• **Source data**
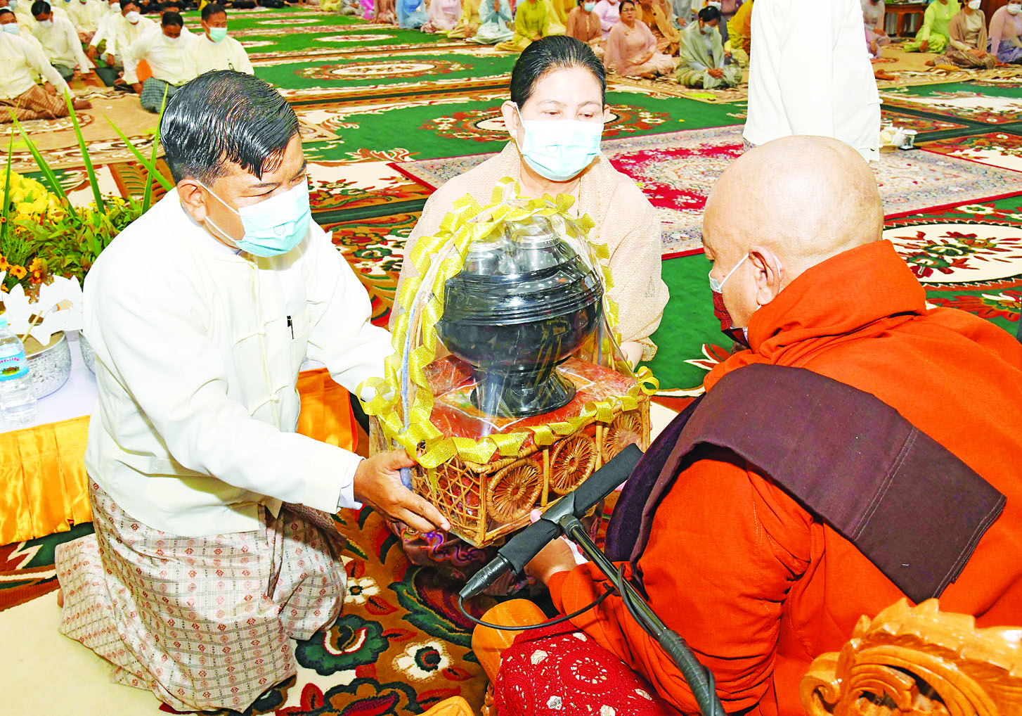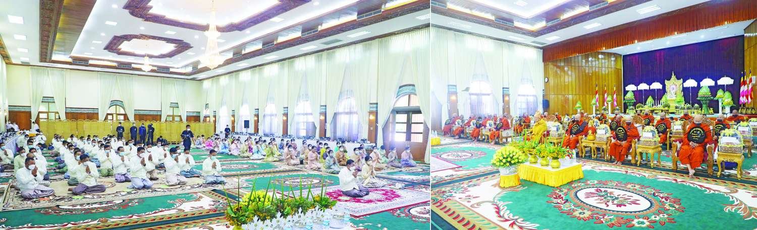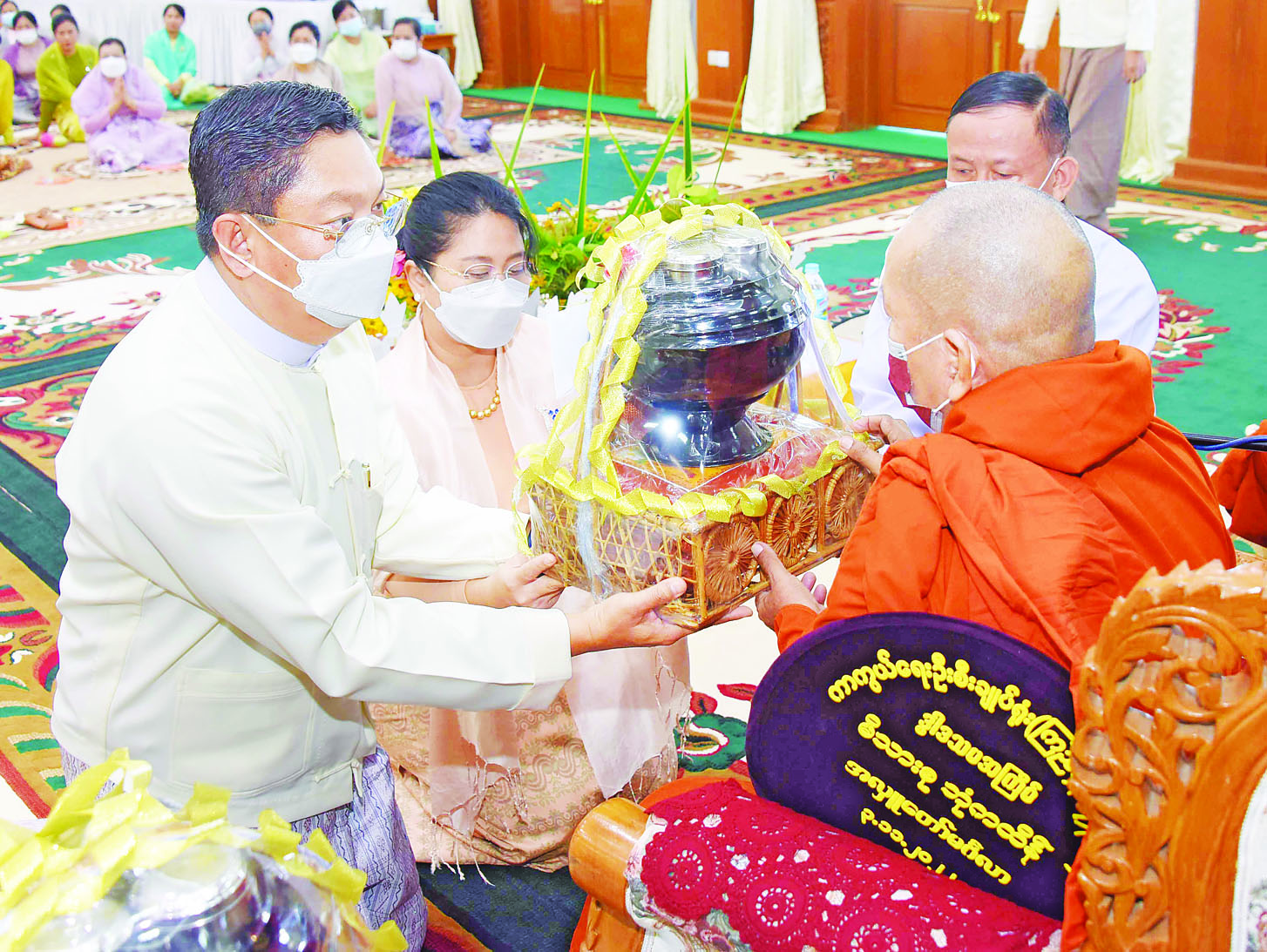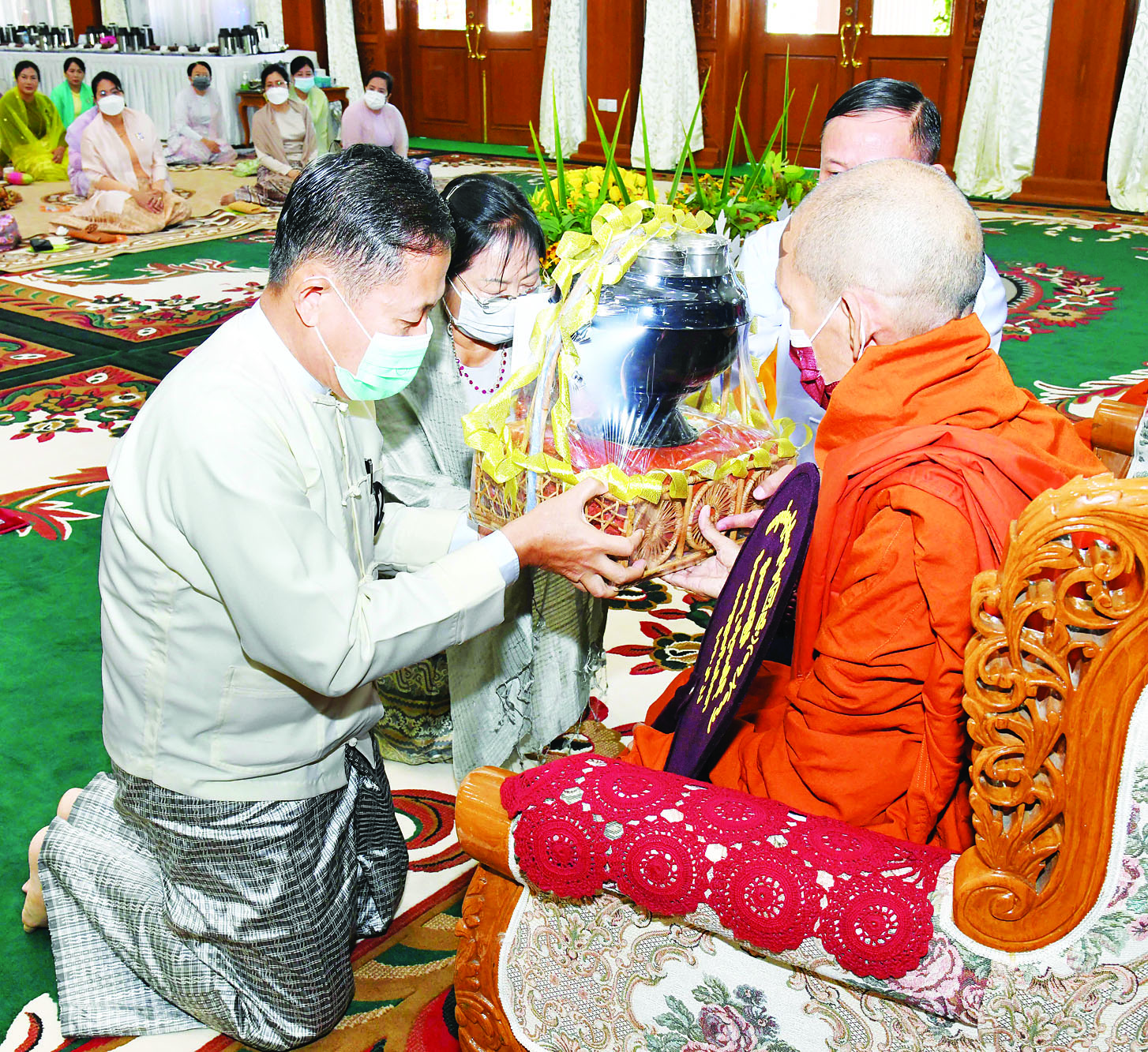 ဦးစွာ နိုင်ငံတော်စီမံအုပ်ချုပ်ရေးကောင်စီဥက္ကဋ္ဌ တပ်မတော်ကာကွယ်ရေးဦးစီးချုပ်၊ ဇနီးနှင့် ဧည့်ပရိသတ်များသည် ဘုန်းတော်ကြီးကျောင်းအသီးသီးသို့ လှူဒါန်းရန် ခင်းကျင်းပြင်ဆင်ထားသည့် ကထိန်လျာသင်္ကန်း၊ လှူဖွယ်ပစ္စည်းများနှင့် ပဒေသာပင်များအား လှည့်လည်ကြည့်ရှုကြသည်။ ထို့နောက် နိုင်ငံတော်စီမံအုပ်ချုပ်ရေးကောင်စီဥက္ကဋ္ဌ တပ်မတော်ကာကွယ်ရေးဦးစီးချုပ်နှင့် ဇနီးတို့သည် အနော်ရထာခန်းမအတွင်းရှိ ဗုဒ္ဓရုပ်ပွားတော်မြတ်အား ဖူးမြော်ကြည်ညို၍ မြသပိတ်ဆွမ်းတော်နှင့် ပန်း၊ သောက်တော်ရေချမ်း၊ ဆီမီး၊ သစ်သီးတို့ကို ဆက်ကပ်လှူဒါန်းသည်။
...
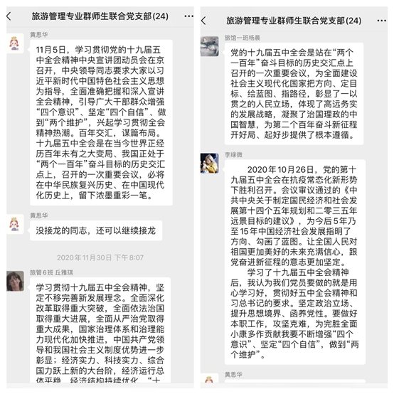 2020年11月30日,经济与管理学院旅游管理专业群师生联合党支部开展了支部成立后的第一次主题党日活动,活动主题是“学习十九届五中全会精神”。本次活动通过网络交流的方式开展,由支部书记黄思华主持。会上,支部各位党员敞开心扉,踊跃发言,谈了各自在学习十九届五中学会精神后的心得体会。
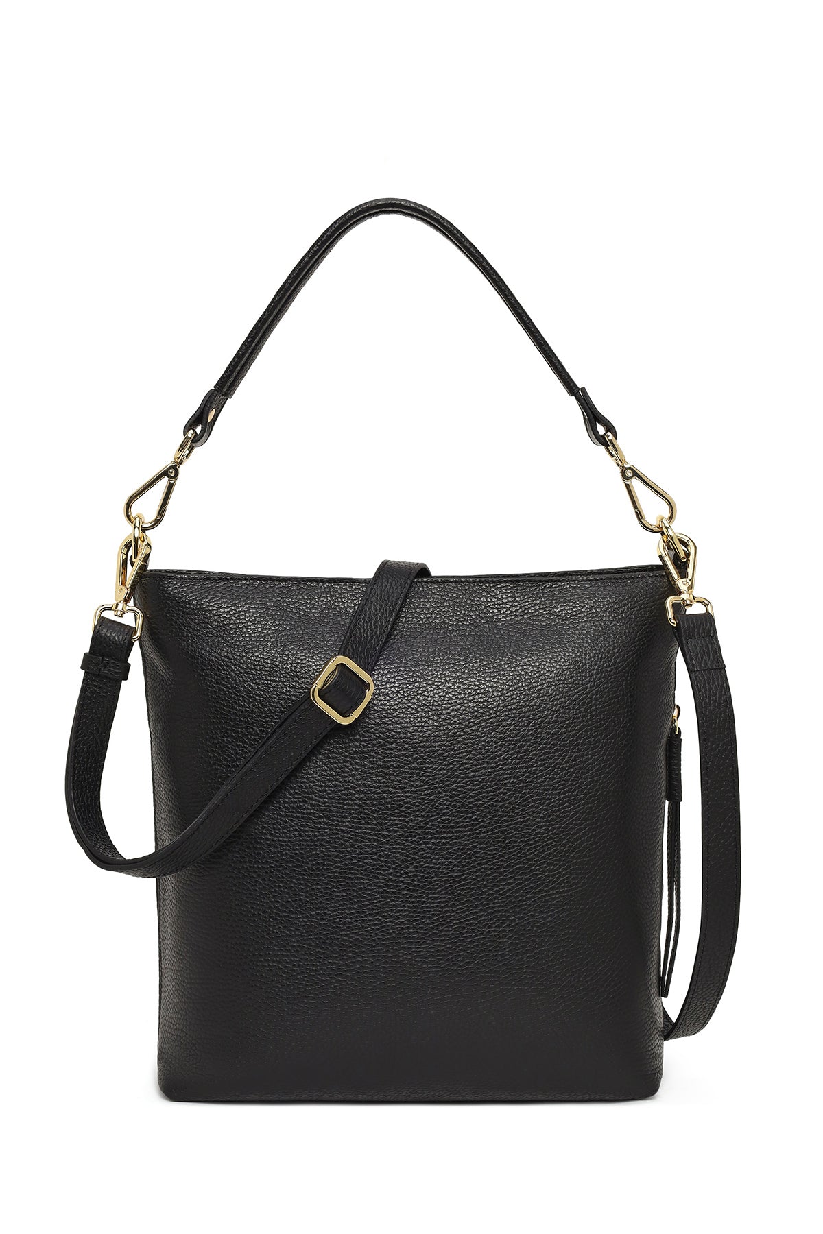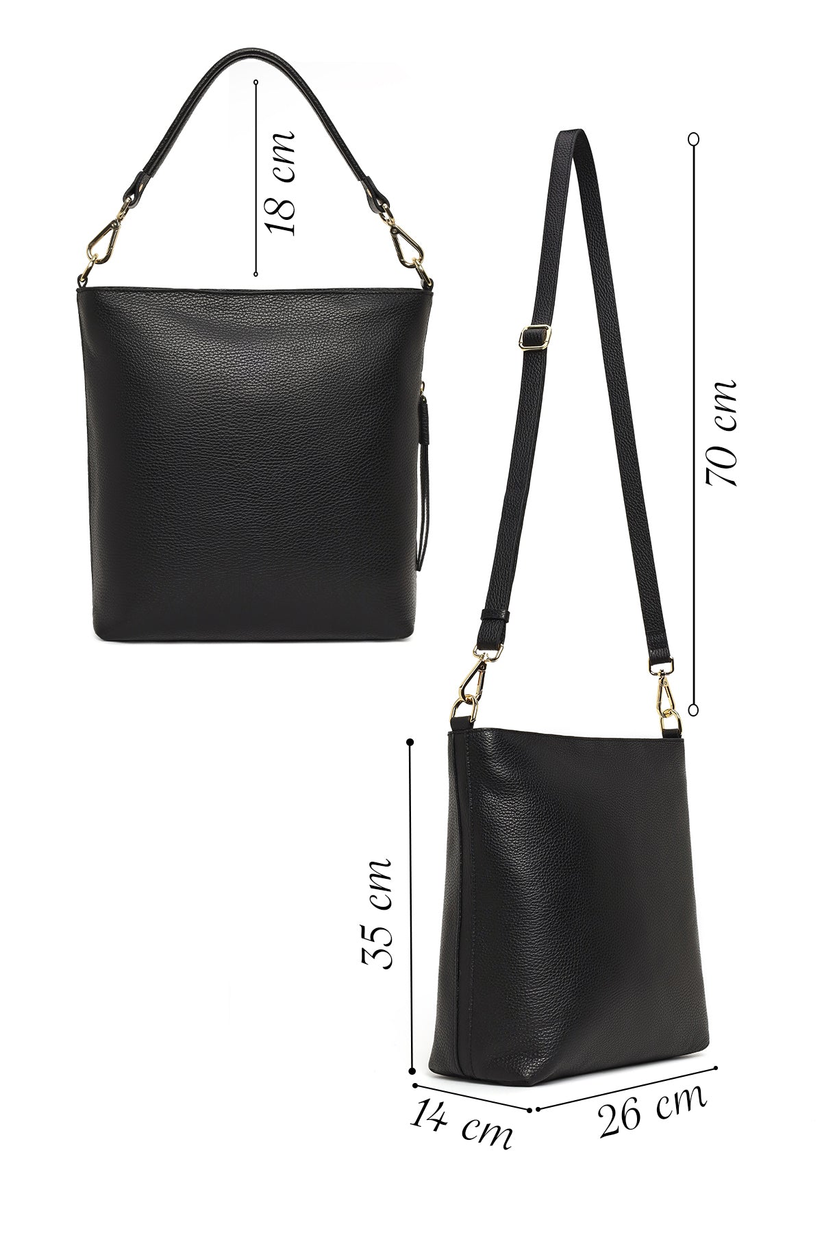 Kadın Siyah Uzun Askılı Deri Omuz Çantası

• **Aim of the exercise**
Your answer must be everything above from the line with "2020年11月30日,经济" down to the line with "Kadın Siyah Uzun Askılı Deri Omuz Çantası", word for word, and no pictures.

• **Solved exercise**
 2020年11月30日,经济与管理学院旅游管理专业群师生联合党支部开展了支部成立后的第一次主题党日活动,活动主题是“学习十九届五中全会精神”。本次活动通过网络交流的方式开展,由支部书记黄思华主持。会上,支部各位党员敞开心扉,踊跃发言,谈了各自在学习十九届五中学会精神后的心得体会。
 Kadın Siyah Uzun Askılı Deri Omuz Çantası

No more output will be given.